The accounts you select for this service should be significant in size relative to your firm, be more than 120 days past due or be the ones that have generally ignored prior past-due inquiries.
The collection process should be followed every month, not just when you gear up for year-end financial calculations. If you make formal collection efforts every month, you will find the year-end hurdle much less onerous.
For example, many firms find that December collections represent more than 15 percent of their collections for the entire year. In the mad scramble for cash, firms often will cut deals in order to meet their year-end target. These write-offs are very expensive, and your sophisticated clients have the upper hand in negotiating December collections. They will expect your calls and will anticipate your desperation.
The amount you have invested in accounts receivable should not exceed approximately two months of services, according to national survey data.
You easily can determine this investment by taking your annual fee revenue divided by your accounts receivable balance at any time. For example, let's assume your annual fee revenues are $2 million and your accounts-receivable balance is $500,000. The number of months you have invested in accounts receivable is four, which is $2 million divided by $500,000. Accordingly, you overinvested in accounts receivable by $250,000, thereby creating negative cash flow for you and your firm.
This overinvestment in accounts receivable creates significant cash-flow problems. At the very least, you have an annual carrying cost of $17,500, assuming an interest rate of 7 percent. In addition, you are slowing the firm's ability to meet payroll, pay vendors and minimize short-term financing.
The waiting game is also costly in terms of write-offs. How costly are write-offs?
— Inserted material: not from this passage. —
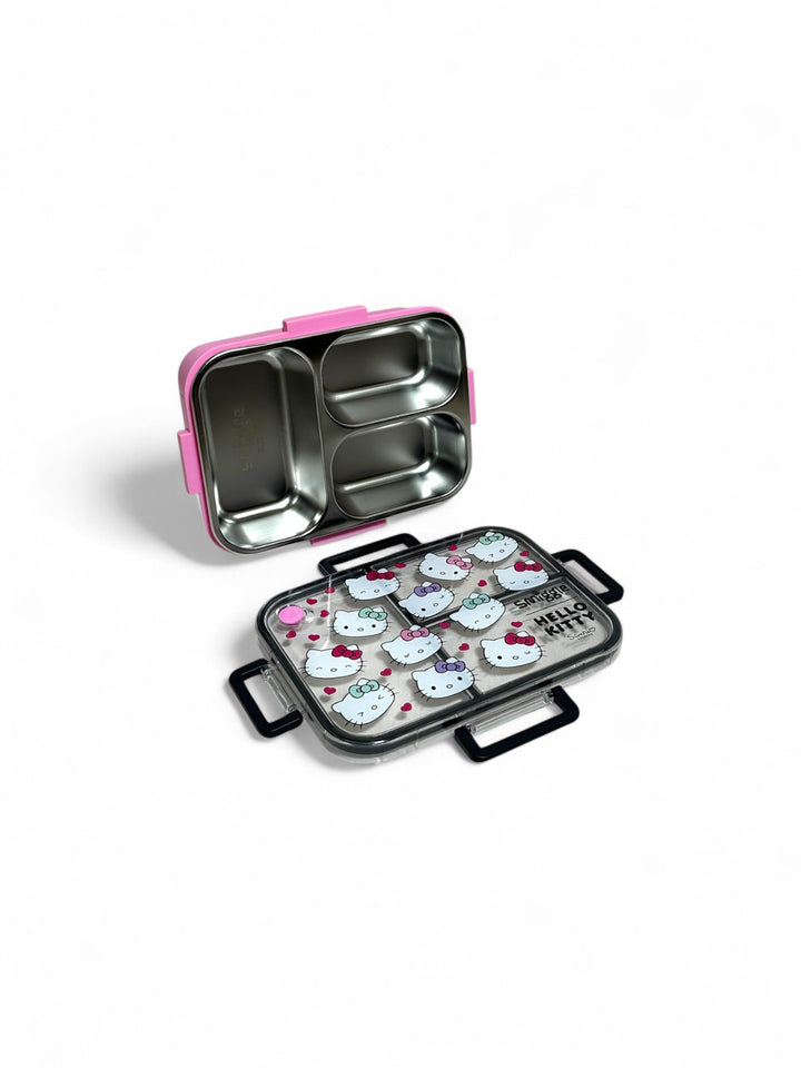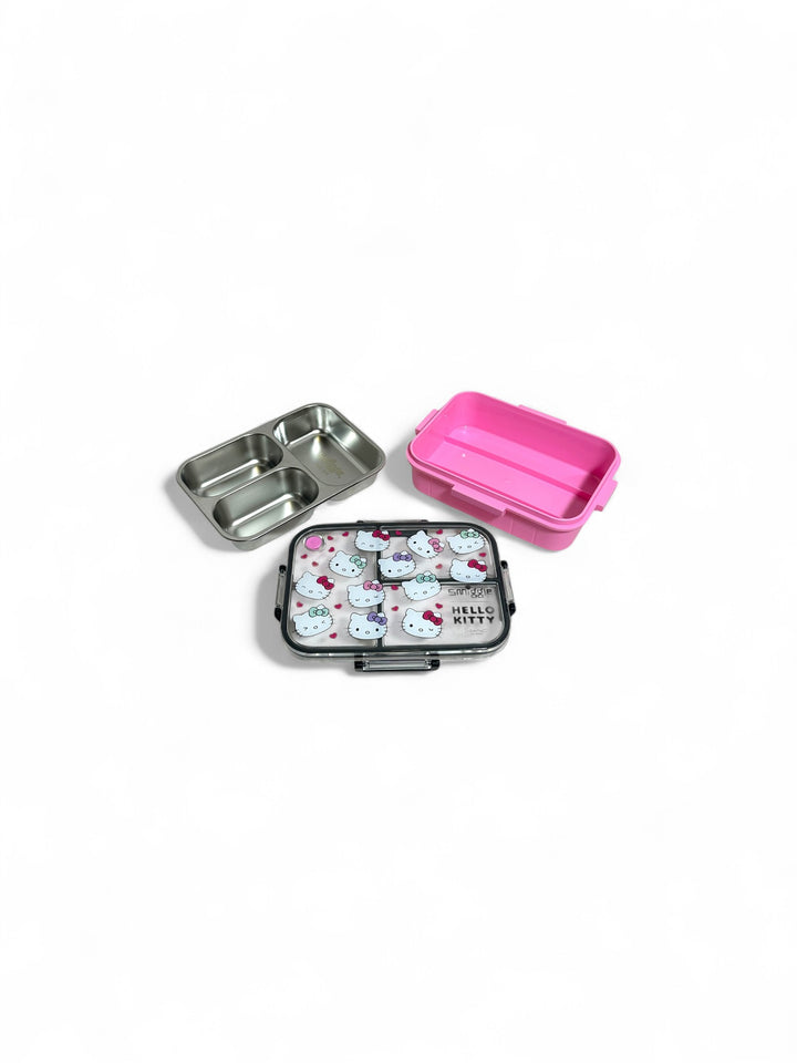 Our Original Smiggle Hello Kitty 750ML trio large stainless steel Lunchbox. Featuring 3 sealed compartments, this reusable design keeps food fresh and leak-proof.

If you settle a $50,000 receivable for $40,000, you are tempted to call this a 20 percent discount. However, if your profit margin is 40 percent, the amount of this discount is actually closer to 50 percent in terms of the loss to your bottom line.
Let's look at this in another way; the amount needed to replace this amount of lost income is $25,000, an amount determined by dividing your write-off by your profit margin.
As you see, this waiting game is quite costly. While the aging process is beneficial for the cheese and wine industries, it is not for your business.